We will use the GRADE approach to assess the quality of a body of evidence as one of four grades.

  • High: We are very confident that the true effect lies close to that of the estimate of the effect.

  • Moderate: We are moderately confident in the effect estimate: The true effect is likely to be close to the estimate of the effect, but there is a possibility that it is substantially different.

  • Low: Our confidence in the effect estimate is limited: The true effect may be substantially different from the estimate of the effect.

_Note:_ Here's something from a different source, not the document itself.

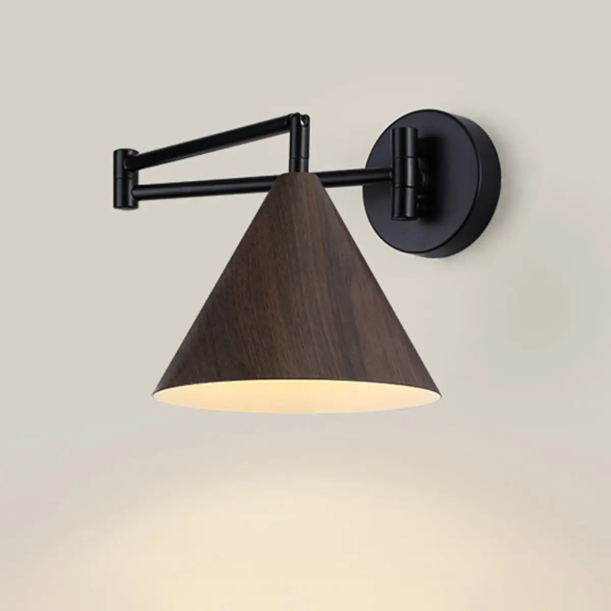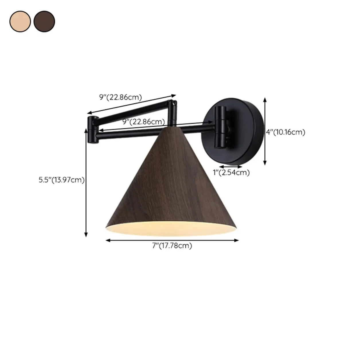 ZOWALA - Wood Color Cone Black Swing Arm Wall Sconce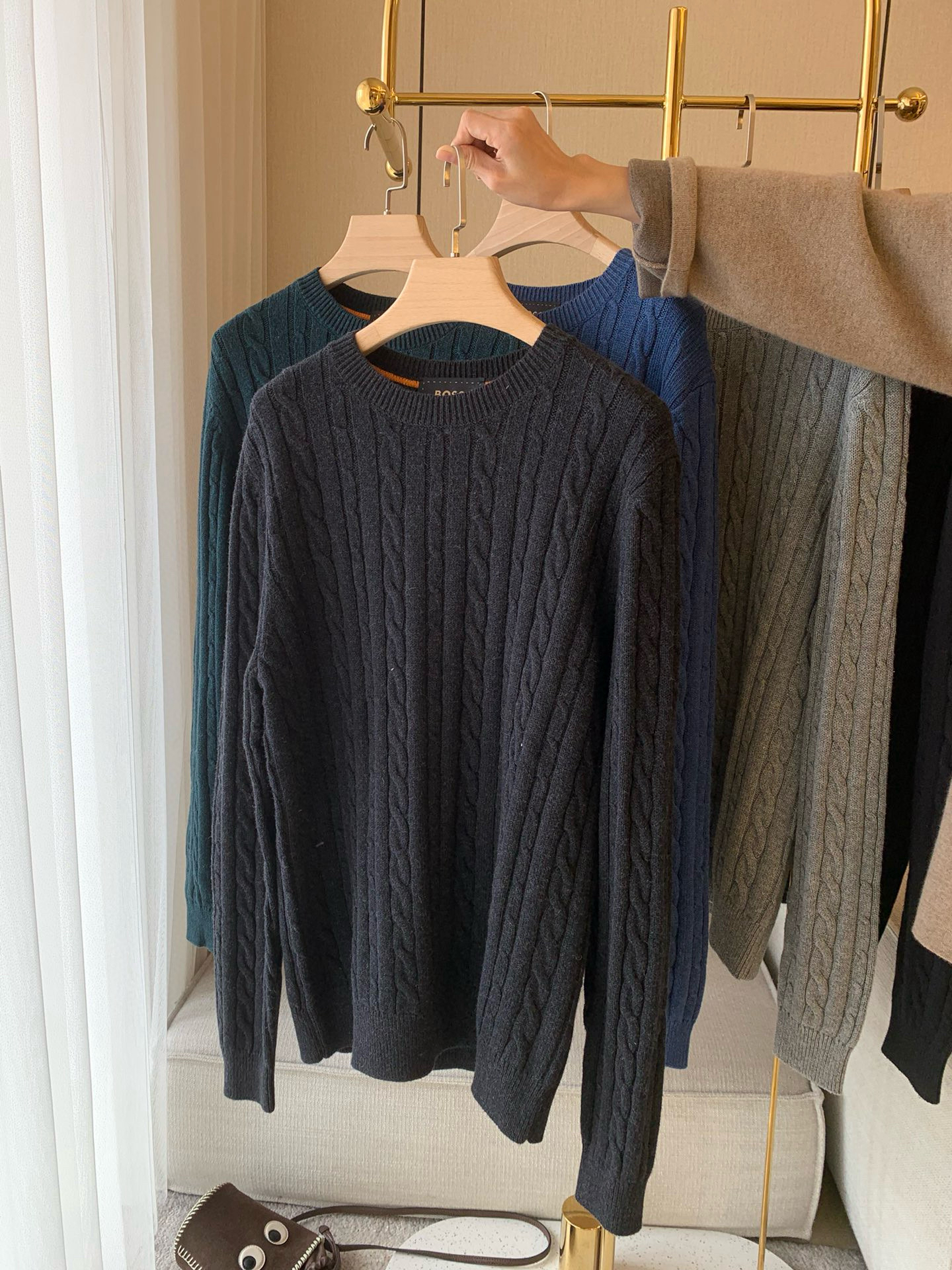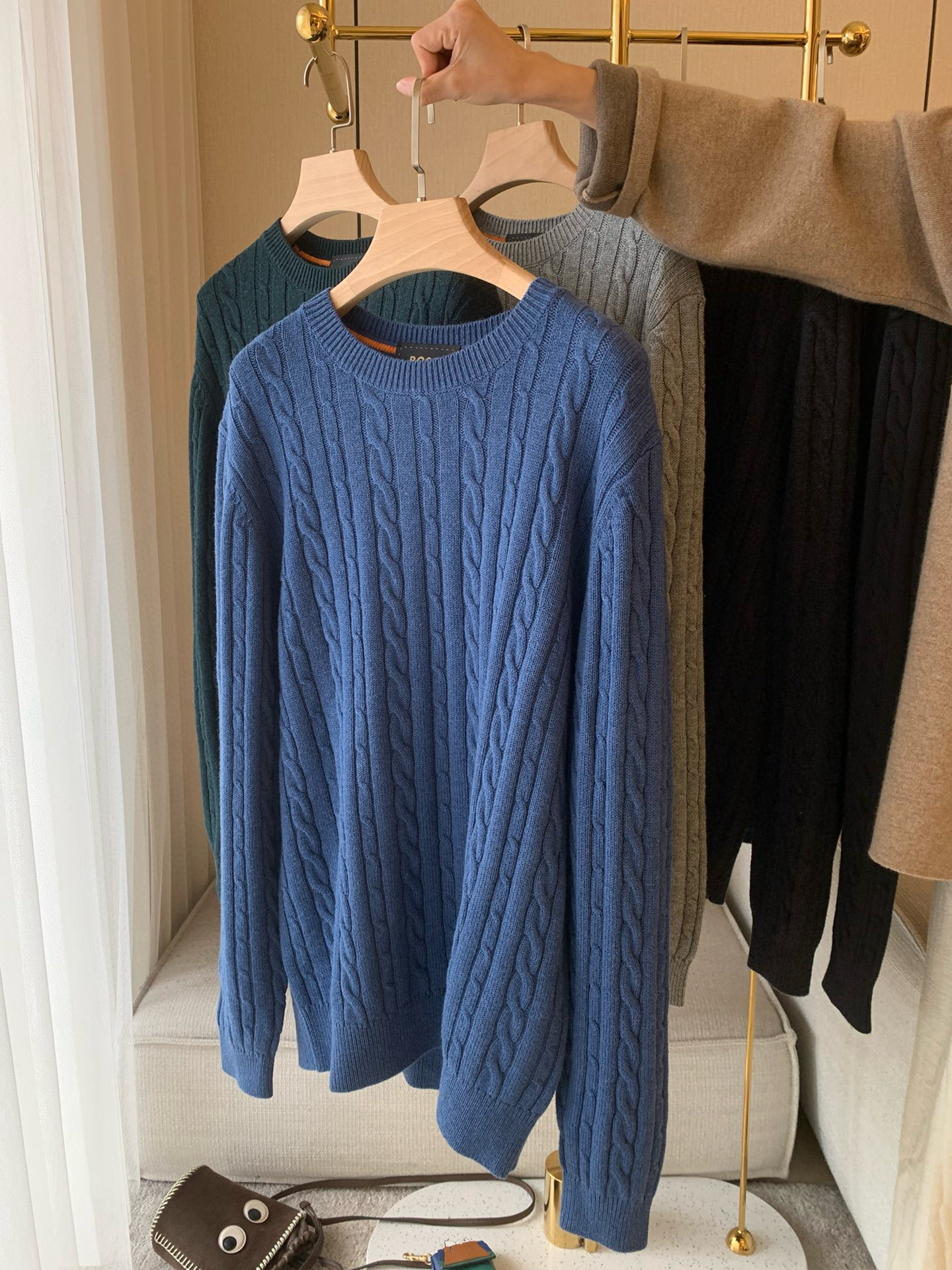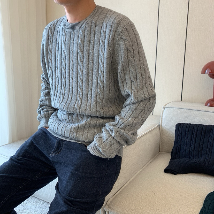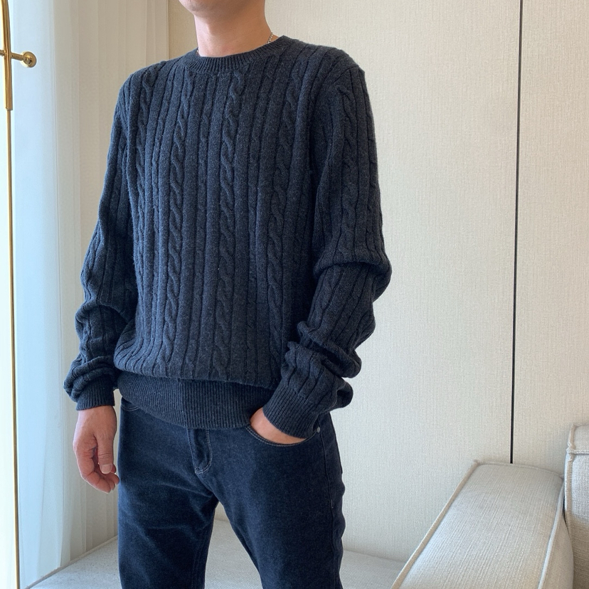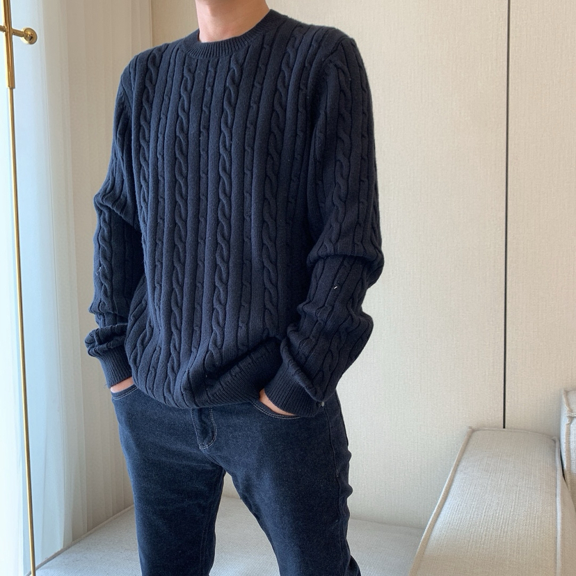 1031-1 亲戚工厂 一手渠道货 BS 棉/羊毛混纺 柔软亲肤 麻花针织毛衣 老朱穿L

  • Very low: We have very little confidence in the effect estimate: The true effect is likely to be substantially different from the estimate of effect.

Subgroup analysis and investigation of heterogeneity

If sufficient data are available, we will undertake the following a priori subgroup analysis to explore potential sources of clinical heterogeneity.

  • Gestational age (< 28 weeks, 28 to 32 weeks, > 32 weeks).

  • Birth weight (≤ 1500 grams, > 1500 grams).

  • Type of enteral feeds (predominantly or exclusively human milk, predominantly or exclusively formula feeds).

  • Dose of zinc supplementation (≤ 3 mg/kg/d, > 3 mg/kg/d).

  • Duration of zinc supplementation (≤ 4 weeks, > 4 weeks).

  • Additional micronutrient supplementation (zinc preparation alone, zinc combined with other micronutrients or vitamins).

Sensitivity analysis

We will explore methodological heterogeneity by performing sensitivity analyses (if sufficient data are available). We will perform sensitivity analyses by excluding trials of lower quality when we judge them to be at high risk of bias, to assess effects of bias on the meta‐analysis. We will define low quality as lack of any of the following: allocation concealment, adequate randomisation, blinding of treatment, or < 20% follow‐up.